## Source data
══════════════════════════════

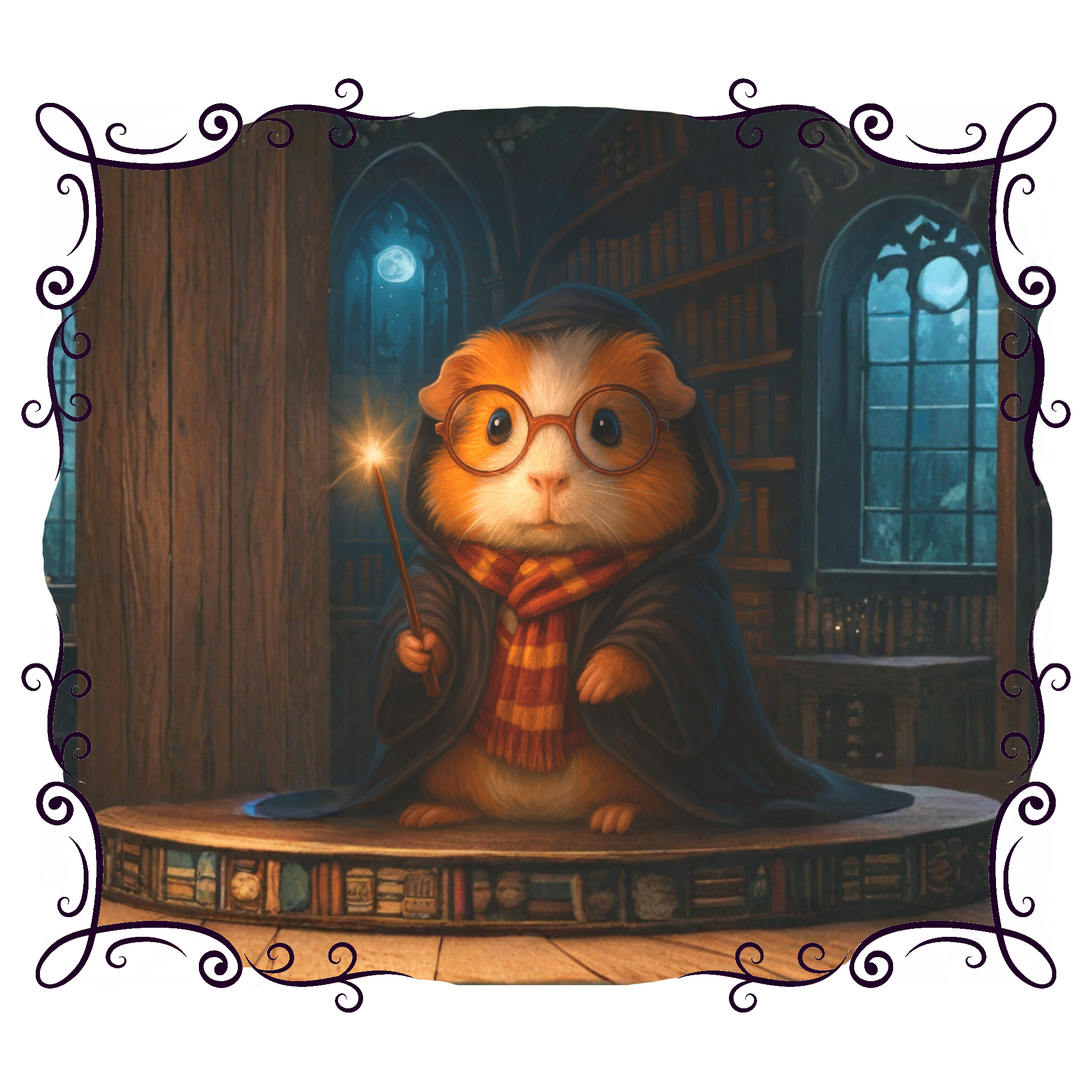 Pippa Magic  ist ein Motiv voller Zauber, Wärme und dieser ganz besonderen kleinen Meerschweinchen-Magie, die direkt ins Herz trifft. Inmitten einer geheimnisvollen, verwunschenen Zauberwelt steht Pippa ganz still und doch voller Leben da – mit großer runder Brille, wehendem Umhang, einem Zauberstab in der Pfote und diesem Blick, der gleichzeitig neugierig, sanft und unendlich liebenswert wirkt. Um sie herum liegt die Stimmung einer alten magischen Bibliothek: gedämpftes Licht, geheimnisvolle Schatten, eine Welt voller Geschichten, leiser Wunder und kleiner flauschiger Abenteuer.
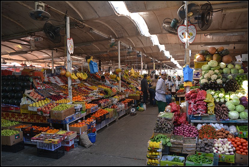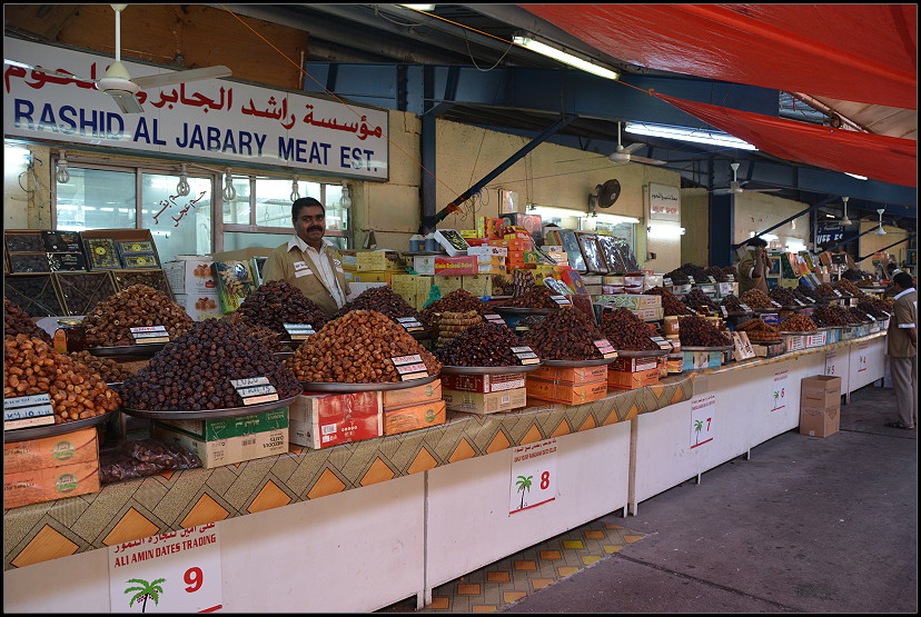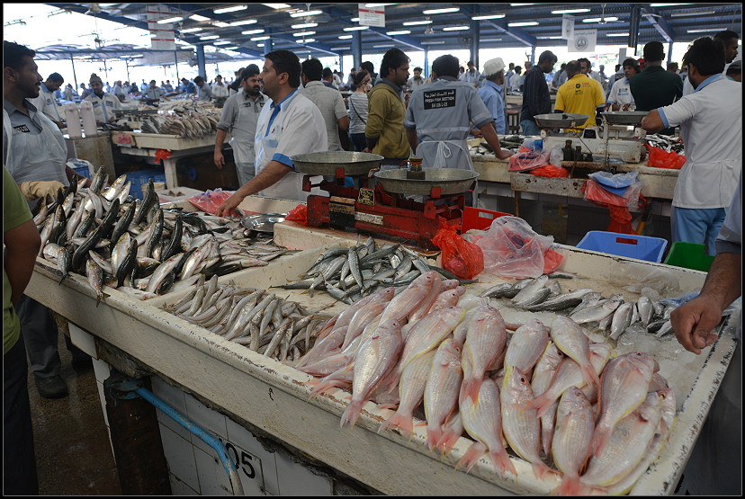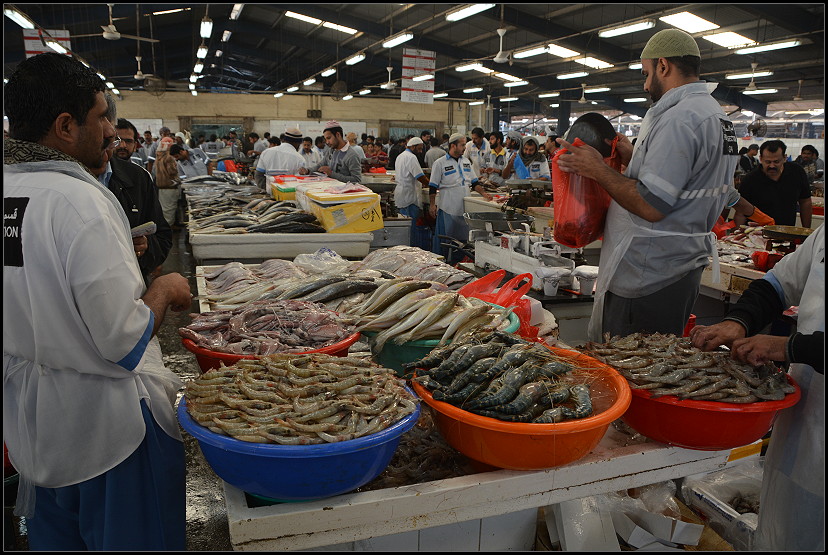 Um 7:00 Uhr war die Nacht wieder rum. Nach dem Frühstück ließen wir uns zum Deira-Fischmarkt bringen. Das bunte Treiben auf solchen Märkten mögen wir sehr. Es gibt eine offene Fischhalle, eine kleine Fleischabteilung und viele bunte, exotische Obst- und Gemüsestände. Die Verkäufer waren alle farblich passend zu ihren Waren „uniformiert“ und überaus freundlich und gar nicht aufdringlich. Es waren so gut wie keine anderen Touristen unterwegs und wir konnten nach Herzenslust fotografieren. Das war ja mal was für mich!
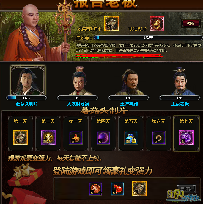 活动十一:报告老板恭贺开服

══════════════════════════════

## What is required
Print out all the material above exactly as it appears, omitting the images.

## Response area
 Pippa Magic  ist ein Motiv voller Zauber, Wärme und dieser ganz besonderen kleinen Meerschweinchen-Magie, die direkt ins Herz trifft. Inmitten einer geheimnisvollen, verwunschenen Zauberwelt steht Pippa ganz still und doch voller Leben da – mit großer runder Brille, wehendem Umhang, einem Zauberstab in der Pfote und diesem Blick, der gleichzeitig neugierig, sanft und unendlich liebenswert wirkt. Um sie herum liegt die Stimmung einer alten magischen Bibliothek: gedämpftes Licht, geheimnisvolle Schatten, eine Welt voller Geschichten, leiser Wunder und kleiner flauschiger Abenteuer.
 Um 7:00 Uhr war die Nacht wieder rum. Nach dem Frühstück ließen wir uns zum Deira-Fischmarkt bringen. Das bunte Treiben auf solchen Märkten mögen wir sehr. Es gibt eine offene Fischhalle, eine kleine Fleischabteilung und viele bunte, exotische Obst- und Gemüsestände. Die Verkäufer waren alle farblich passend zu ihren Waren „uniformiert“ und überaus freundlich und gar nicht aufdringlich. Es waren so gut wie keine anderen Touristen unterwegs und wir konnten nach Herzenslust fotografieren. Das war ja mal was für mich!
 活动十一:报告老板恭贺开服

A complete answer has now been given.